Concealment is key to late-season success

You can put a kid on his first buck this month, if you understand the importance of concealment.
You can put a kid on his first buck this month, if you understand the importance of concealment.

Pop-up blinds are great choices, if you understand how to use them

One of the tallest hurdles about hunting late-season deer is that they are on the back end of a season during which they have just about seen, heard and smelled it all.

Deer are wary enough, but deer that have learned how to avoid being shot take the cake.

That’s why Russ McVey feels there is no more important time to work on concealment than during January. He mainly hunts out of box stands, where detection isn’t that much of an issue.

But he also hunts out of a pop-up blind when he gets back in the woods.
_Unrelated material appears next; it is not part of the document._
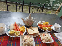 Могу сказать, что для своей звёздности, отель отличный. Мы были только в начале сезона и проживали в этом небольшом отеле только вдвоем. Чувствовали в нем себя как дома. Хозяин, Сергей, очень приветливый и старался помочь нам во всех вопросах, советовал куда сходить покушать, где лучший пляж, как добраться до необходимого места. Встретили нас на тук-туке и так же проводили, так как он находится в тихом переулке и туда не доехать на автобусе и это в основном у всех отелей которые не находятся у центральной дороги. Зато, как тут уже писали, утром выходишь из комнаты на террасу и слушаешь пение птиц, летают птицы и попугаи, по пальмам прыгают обезьяны, кричит павлин, в общем ощущение, что ты находишься в тропических джунглях. Завтраки однообразные, как их тут называют, контенентальные (яйцо, сосиски, тосты с джемом, чай, фрукты, (у нас были бананы, папайя, ананас,маракуя всегда свежие), через каждые 2 дня хозяин готовил рис с фруктами и орехами, вкусно.
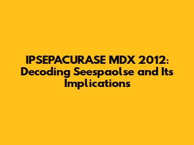 IPSEPACURASE MDX 2012: Decoding Seespaolse And Its Implications

“You can’t just set those tent blinds up anywhere you want and think you’re going to kill deer out of them,” McVey said. “Those deer aren’t stupid, and they know when something doesn’t belong.”

One of the first things McVey does when setting up his pop-up blind is ensure he’s putting it in a place that provides a good backdrop behind him.

Then he tries to blend it into the backdrop by adding limbs, leaves, pine straw or anything else he thinks might make it less obvious to deer.

“And I also set it up in such a way that the sun will be at my back or at the very least to my side,” McVey said. “That means you may have to put it somewhere you might not want it, but you definitely don’t want the sun blaring into your face as you hunt.

“My blind has a black interior, and I wear black clothing, but any little bit of movement with the sun in my face, and they’ll bust me.”